Décroissance et dictature
En raison de ces lacunes, la décroissance est politiquement irréalisable. La démocratie et la décroissance sont des partenaires intrinsèquement inconfortables. Le seul exemple dans l’histoire d’une société stationnaire (sans croissance) durable et prospère est le Japon pendant la période Edo (Tokugawa) (1603-1868). Il s’agissait toutefois d’une « dictature brutale« .
Étant donné qu’il est peu probable qu’une démocratie choisisse volontairement la décroissance, le mouvement de la décroissance pourrait mettre l’Occident sur la voie dangereuse du rejet de la démocratie et du retour à un collectif autoritaire.
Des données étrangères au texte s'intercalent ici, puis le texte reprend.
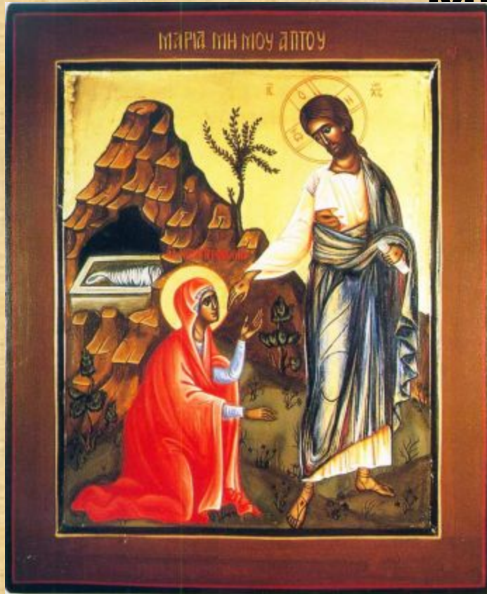
Икона “Явление Иисуса Христа Марии Магдалине по воскресении”

«Постоянно читающий божественные Писания(в простоте сердца) и стоящий при их потоках, хотя бы не имел никакого толкования, как бы корнями впитывает великую пользу».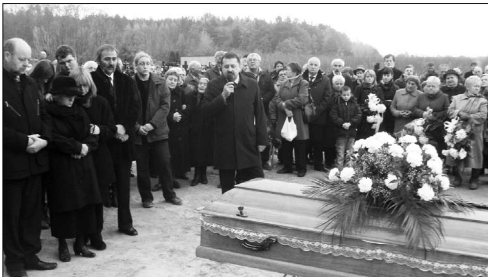
Uroczystość pogrzebowa

Le mouvement de la décroissance pense que l’utilisation des matériaux et les émissions de carbone ne peuvent être dissociées de la croissance économique, mais que l’innovation, la créativité, le bonheur et le progrès social peuvent l’être. C’est ignorer à quel point le progrès social a accompagné les deux derniers siècles de croissance économique.
Le physicien Tom Murphy, qui a insisté sur l’importance de l’économie de la connaissance, a également souligné l’importance de l’économie de la connaissance. limites à la croissance économique, a averti que
En période d’abondance, nous pouvons nous permettre d’être gentils avec ceux qui sont différents. Nous sommes moins menacés lorsque nous sommes à l’aise. Si notre niveau de vie du XXIe siècle atteint des sommets […] nous n’aurons peut-être pas le luxe de considérer notre progrès social comme un cliquet irréversible. Les temps difficiles ravivent de vieux instincts tribaux : la différence n’est pas la bienvenue.
Une version antérieure de cet article décrivait à tort Ted Nordhaus comme un lauréat du prix Nobel. William Nordhaus did.
Wim Naudé est professeur invité d’économie au Université de Johannesburg.
Cet article est republié à partir de The Conversation sous une licence Creative Commons. Lire le article original.